One reason these demos are so eye-raising is because there's few other "modals" to expand to. If video is good enough to pass the "proof of concept" (it is affecting the industry already, so let's say it has), then "mutlimodal" stops being a buzzword after a while as the focus becomes refinement and scale and AI's multimodal abilities become the norm.
But...how does it work?
First: throw out anything you read on TwitterX, because that's not really a great forum to learn something so deep. OpenAI released a paper describing how Sora works, so...yeah, let's use that as a source. They should know! Anything else is just speculation. To quote from their article:
At a high level, we turn videos into patches by first compressing videos into a lower-dimensional latent space and subsequently decomposing the representation into spacetime patches.
Well that makes it clear, right? No further questions, right? This isn't so difficult to understand once you unravel the Star Trek lexicon.
First, tokens are a really important aspect in how AI works. In a text model, sentences are broken down into "tokens", slicing something complex into smaller pieces for analysis. Each token might be an individual word, a punctuation mark, or even partial words when possible.
If you've ever studied compilation, you might already be familiar with the idea of tokens. For example, in PHP, part of the compilation process is "tokenizing" a file -- which serves a similar purpose. It breaks the code into smaller units, which essentially makes it easier to "put back together" in the interpreter. Tokenization is important if we want to make a computer understand something in general, even beyond the field of AI.
If we understand the idea behind tokenization with text prompts, we can understand how it might work for video, too. It must "tokenize" a source video. With video, this is more complex, but the same idea applies. Just like a text-based tokenizer might split individual words, a video "tokenizer" must break the video apart to understand individual facets. The purpose is to train on videos as an input, and have "representational" data as an output, which the AI can then trains based on this representational data, converting it back into pixels.
To use what what might become a tired analogy, it's like each video is a puzzle. Compressing the video into a lower-dimensional latent space is the process of breaking that puzzle into many distinct pieces, while the AI uses those pieces to attempt to output a video, as if glueing the pieces back together. By doing this, it can compress the video in multiple dimensions...both in the traditional way (throwing away pixels that aren't needed) and "temporally" by throwing away some frames.
What is this "diffusion model" people keep talking about?
Now that we understand what's happening at a high level, how does the thing actually generate a frame of video merely given a text prompt? If you know a bit about neural networks, you actually can understand the basic premise. With a neural network, you initialize every neuron with a random seed initially. The output will be nonsense, but you have to start somewhere when you're training. The same is true in a diffusion model. The "starting point" is noise: a bunch of random pixels. Given multiple iterations, the idea is to essentially "reverse" that noise into the desired output. There's obviously a lot of granular details (and maths) that go into this, but even with a basic understanding of a neural net, this isn't so surprising. AI is very much stochastic in how it works.
In other words, given a bunch of random noise, the AI knows how to slowly replace the noise to create new images, as if pasting bits of our puzzle back together. This process works better with more compute, as the linked paper so humorously illustrates. It's worth noting here that Sora is not really a "physics engine" in this regard, it's using diffusion much like other AI art generating tools.
Maybe it's possible that the tool is "learning" physics with this process as an emergent property (as they claim), but that's really hard to prove! For now, all we can say is that this works via diffusion, similar to other AI tools that generate pixels.
Another thing that's really important to note is this quote from their article:
Training text-to-video generation systems requires a large amount of videos with corresponding text captions.
AI depends on huge quantities of labelled data. For the text-to-video prompt to work, it has to have some text description of videos, and that means having detailed captions for each video that it trains against.
What does this mean...?
First, we live in a world where perception is much stronger than reality (okay, that's always been the nature of our world). It doesn't matter if AI tools are production ready, companies will deploy them, regardless. We see that time and again with the many hilariously horrible examples of AI generated nonsense leaking into the world.

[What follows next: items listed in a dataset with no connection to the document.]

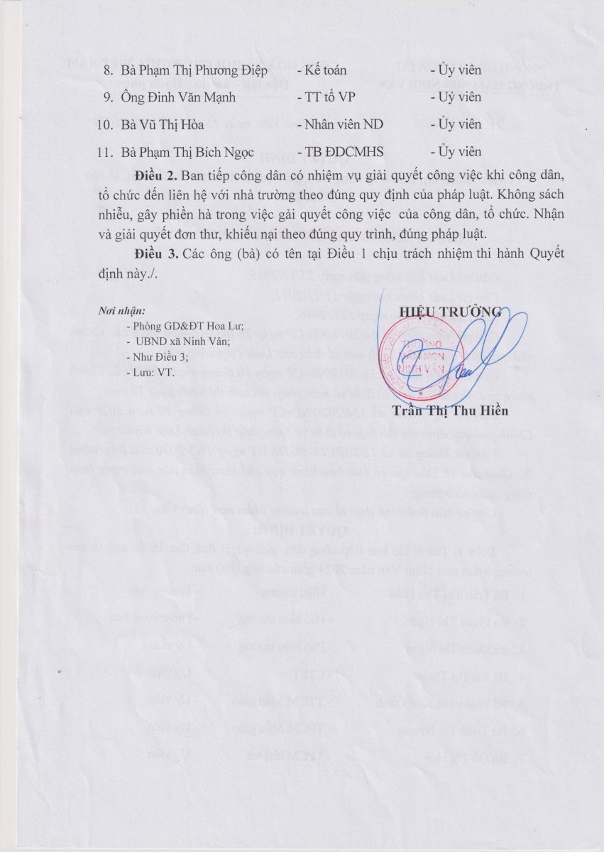 Quyết định thành lập Ban chỉ đạo thực hiện công khai và ban hành Quy chế công khai năm học 2025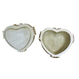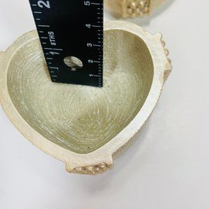 Santini Heart Trinket Box 3D Ribbon Rhinestone 3" Gold Colored Textured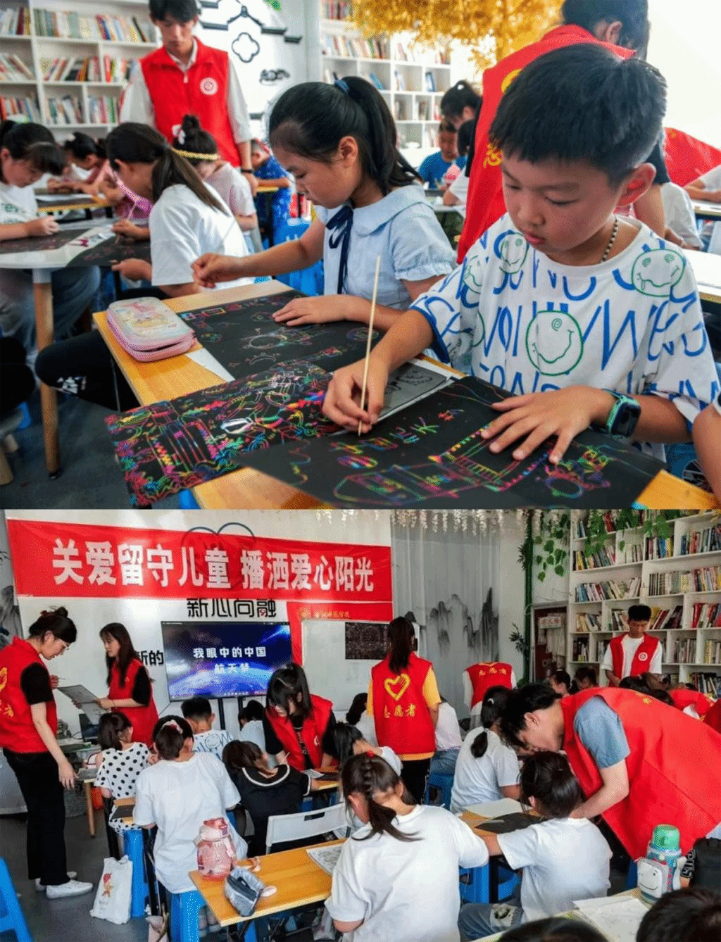 随着课程的推进,“小先生”刘宇通向同学们展示了太空美景,讲述了中国人数千年来渴望遨游太空的愿望,普及了中国航天的知识,讲述了新中国成立以来航天事业从无到有、由弱到强迅速发展的历史。课堂活动阶段,同学们用竹签在刮画纸上作画,认真的完成并展示自己的“航天梦”主题绘画作品。

However, this is a form of survivor bias, too -- for every person caught with an obviously bad example of AI, there's people skating by with no attention. Hype alone will compel some companies to deploy AI tools, no matter what, so it doesn't really matter how "ready" the tech even is.
Beyond affecting potentially hundreds of industries, the obvious concern is with the proliferation of misinformation.
One solution might be to require all AI-created videos to embed a watermark (invisible or not) to show that it's AI-generated...but there's no law requiring this. Sora's videos are watermarked, for the record, but a watermark is easy to miss (again, information being toothpaste, the damage can be irreversible). You can also crop it out or obscure it. I'm sure there will even be AI tools that automatically purge any watermarks, because of course there will be. Did you even notice a watermark in Sora's videos? Honestly, I didn't until it was pointed out, and it wasn't clear that "this means the video was created by AI".
What happens if there's a scandalous (but fake) video released on the eve of an election? How do you know if that swayed the vote...and what happens if that means the wrong person takes office? The damage has been done and there's no real remedy, and all this because someone was able to manipulate a prompt? What if similar videos sneak their way into trials? Or get plastered onto the Internet to blame someone of a crime? The possibilities are too endless.
Further, it undermines the (already questionable) confidence we have in "real" media. If a video can be fake, then a video you disagree with can be fake, too. Empiricism takes a nasty turn when media is so easy to manipulate that all we can do is trust our own eyes. In that world, truth is very much in the eye of the beholder and it is up to each person to decide what they believe or don't. Any evidence that runs counter to your belief could simply be fake, and technology makes that plausible if not reasonable.
This trend is already very much reinforced by social media algorithms, because social media companies know that having your beliefs affirmed feels good. Having them challenged doesn't...but it usually makes us better human beings. A large portion of society is already trained on the so-called "echo chamber" effect, and AI will only further entrench generations into their silos.
It isn't just about how AI will proliferate misinformation, but how it will shift our perspective on traditional media and undermine our belief in video as a 'factual' medium (understanding it has never been perfect).
Let's go into fantasy land an imagine an even more odd extreme in how AI can be used to create media. Imagine a world where you can create your own shows, shuffling a pre-trained mix of actors and voices into an AI-generated story. As fantastical as that is (and as awful as the result might be), it isn't so absurd a fantasy given a century of development.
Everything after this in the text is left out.